Tout cela m’a fait tellement peur que j’ai tenté de me foutre en l’air très sérieusement. J’étais un animal traqué qui n’avait plus la force de fuir, de vivre, tout simplement.
Tu te réfugies, alors, dans l’amitié…
C’était primordial. Heureusement qu’il y a toujours un ami au bout du fil car la solitude est là, insidieuse et présente. Les clins d’œil de Match, à travers quelques sujets drôles, se
succèdent. Ainsi, sur le tournage de “Viva Maria !”, je revois Gérard Géry, le photographe du journal, qui a l’idée de mettre sur mon plateau de petit déjeuner un lapin nain buvant mon jus
d’orange. Résultat : une double page. C’est Philippe d’Exea, pigiste au journal, qui photographie cent douzaines de roses, offertes par Gunter Sachs pour me faire la cour, tombant du ciel sur La
Madrague par hélicoptère. C’est Ghislain [Jicky] Dussart qui me photographie nue pour Match et qui réalise les plus belles photos de ma vie. Nous avions, lui et moi, la légèreté complice et la
force de l’amitié. Il me manque tant ! Anne, son épouse, est toujours près de moi. Jicky m’a aidée à fuir le monde déchaîné des paparazzi et autres chroniqueurs qui, durant trente ans, ne m’ont
laissé ni trêve ni repos.
Cela dit, quand tu faisais un strip-tease habillée en bonne sœur, c’était limite provoc !

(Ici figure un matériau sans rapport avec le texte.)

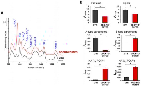 Raman microspectroscopy analysis of CTR and ODONTO/OSTEO organoids. (A) Average Raman spectra representative of CTR and ODONTO/OSTEO experimental groups. Labels highlight the peaks of interest; for better viewing, spectra are offset along the y-axis. (B) Statistical analysis of the numerical variation in proteins, lipids, A-type carbonates, B-type carbonates, and HA (ν1 and ν3) calculated values. Three specimens (n = 3) were analysed from each group, with ten spectra obtained from each specimen. Data are presented as mean ± SD. * Statistically significant value of ODONTO/OSTEO box charts with respect to CTR (p < 0.05; Student’s t-test).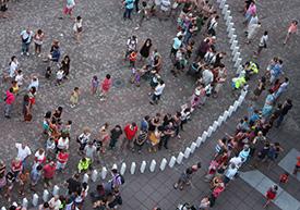 There was a domino thing here today um not sure we were ready for that, the actual falling over things looked like concrete and had no spots on them. eta and they were white and looked like tombstomes sometimes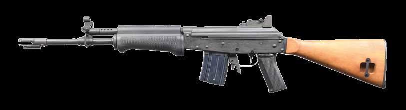 1021. SOUGHT AFTER & ALL MATCHING CHILEAN SIG 510-4 MACHINE GUN PARTS KIT. A 7.62x51mm NATO derivative of the SIG Stgw. 57 battle rifle. The SIG 510-4 was designed having a smaller overall profile & lighter weight w/ the intent of sales to the Chilean military. This parts kit is marked “ARMADA/ DE CHILE” above the S# “5594” over the chamber having “SIG” w/in an oval marked over the top of the buttstock socket. Kit consists of a bbl., bbl. shroud, trigger housing, bolt assembly, buttstock, as well as 1 - 20 rd. mag. and a bayonet w/ scabbard. All numbers are matching & are present on the receiver, bbl. shroud, trigger housing, bolt assembly, as well as on the bayonet. CONDITION: metal components exhibit varying degrees of wear & thinning that show through to gray patina plus scattered marks from handling & storage. Some areas of hardened grease as well as some spots of surface oxidation & pitting. Mirror bore exhibiting some light pitting while retaining well defined rifling throughout. Wood furniture shows scattered marks & impressions from handling & storage. Bayonet is excellent overall. A nice all matching example of a sought after Chilean SIG 510-4 parts kit. (02-21807-1/MLW). $2,000-3,000.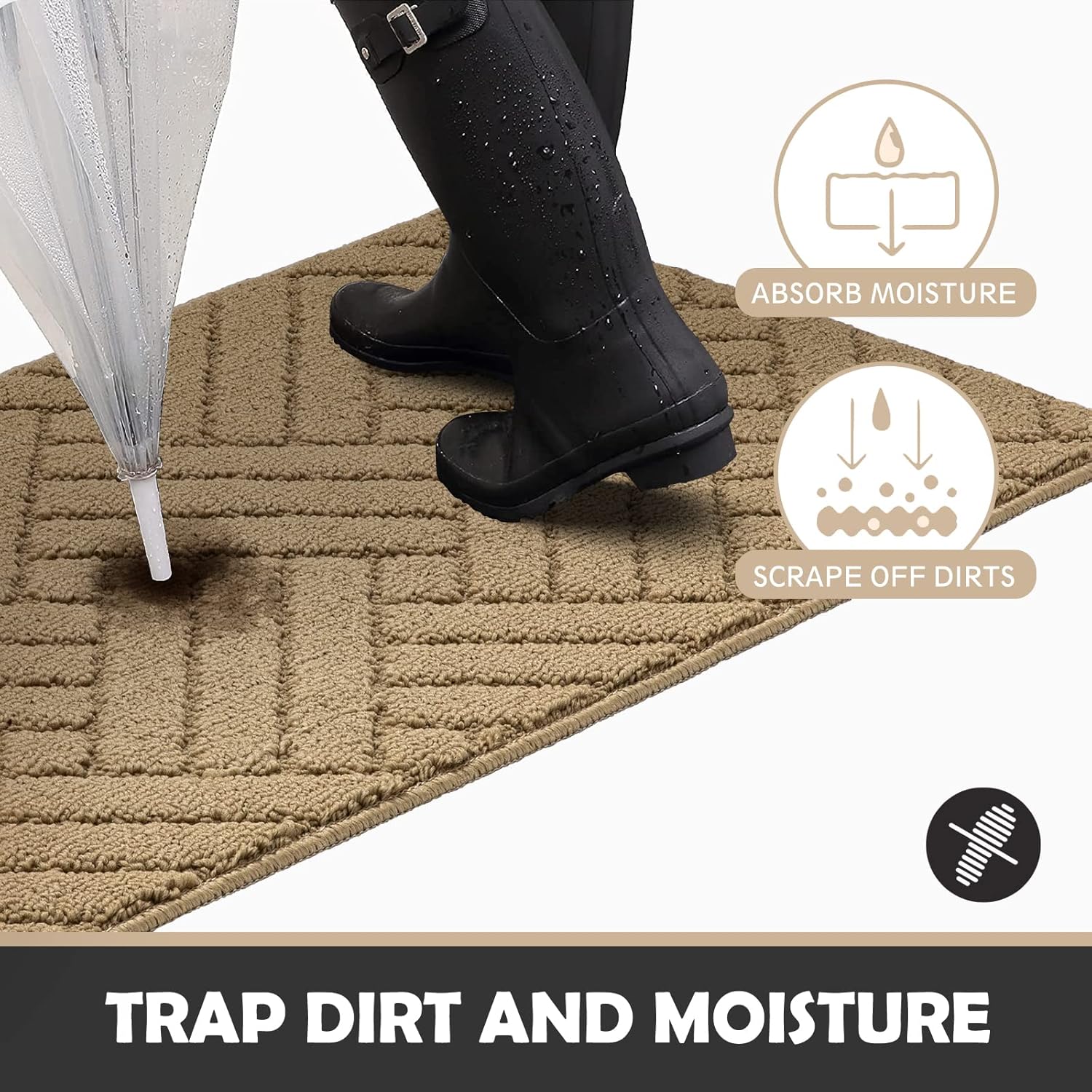 - KEEP YOUR FLOORS CLEANE AND DRY: Our Indoor Doormat was designed with double layer technology and irregularity carpet surface design. It is more efficient to absorb water and catch mud and moisture from muddy boots or petโs paws. No pressure, keep your home cleaner and more beautiful
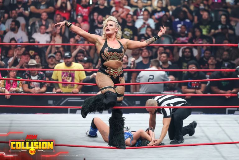 Since her arrival in AEW, Taya Valkyrie has been predominantly chasing the TBS Championship with thus far little success. This week on Collision, she displayed a more vicious approach to her in-ring work and came away with the victory over crowd favourite, Skye Blue.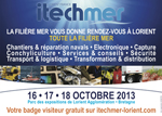 La 10ème édition du Salon Itechmer sera inaugurée Mercredi 16 octobre à 17h30 par Messieurs Pierrick Massiot, Président du Conseil régional de Bretagne, François Goulard, Président du Conseil général du Morbihan, Norbert Métairie, Président de Lorient Agglomération, Maire de Lorient et conseiller général du Morbihan, Daniel Gilles, Président-directeur général de la SEGEPEX, Vice-président du Conseil régional de Bretagne, Maurice Benoish, Président délégué d’Itechmer 2013, en présence de Monsieur Frédéric Cuvillier, Ministre des Transports, de la Mer et de la Pêche. L’inauguration sera suivie de la remise des Trophées de l’Innovation et d’un cocktail.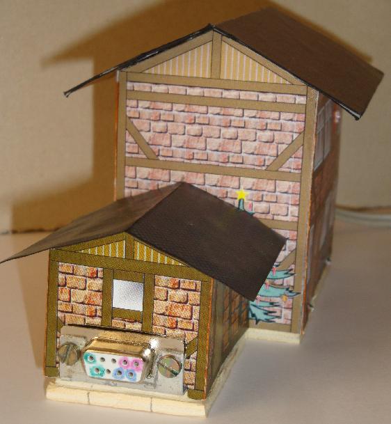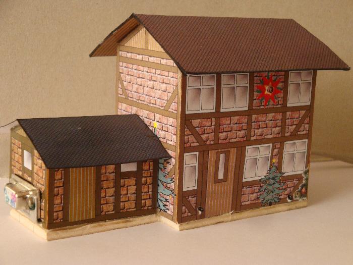 Der Anbau links war am Anfang nicht vorhanden, das kam später! Für das Haus gibt es auch einen einfachen kleinen Ausschneidebogen. Fenster und Türen wurden nicht extra erstellt (kann man machen, das Haus ist aber voll mit dem Trafo). |

Je tournais “Les novices” avec ma copine Girardot. Claude Azoulay m’a proposé, pour Match, dans un fou rire général, de retirer mes vêtements de nonne, un à un. C’est ainsi que, sur une plage, je
lui ai montré mes petites fesses connues du monde entier, avec un détail rigolo : j’étais à poil avec ma cornette sur la tête. Photos jamais parues dans Match à cause des lecteurs cathos, mais
“Playboy” les a publiées et elles ont fait le tour du monde.
Que faut-il pour qu’une photo te rende belle ?
La faire en m’aimant. Une femme reste le reflet que lui donne l’homme. Alors l’alchimie passe. Si la confiance s’installe, la tendresse suit. Le regard fait le reste, c’est la démarche d’un
amant sur papier glacé.
Quelle est la photo que tu souhaiterais voir publier après ta mort ?
Celle avec le bébé phoque, qui symbolise tout de ma vie. De la célébrité à l’isolement sur la banquise, la solitude que j’ai si souvent affrontée et, enfin, la protection animale.
Et si Dieu recréait la femme, que lui dirais-tu ?
Qu’il me donne enfin du pouvoir pour mes combats, et qu’il change l’homme.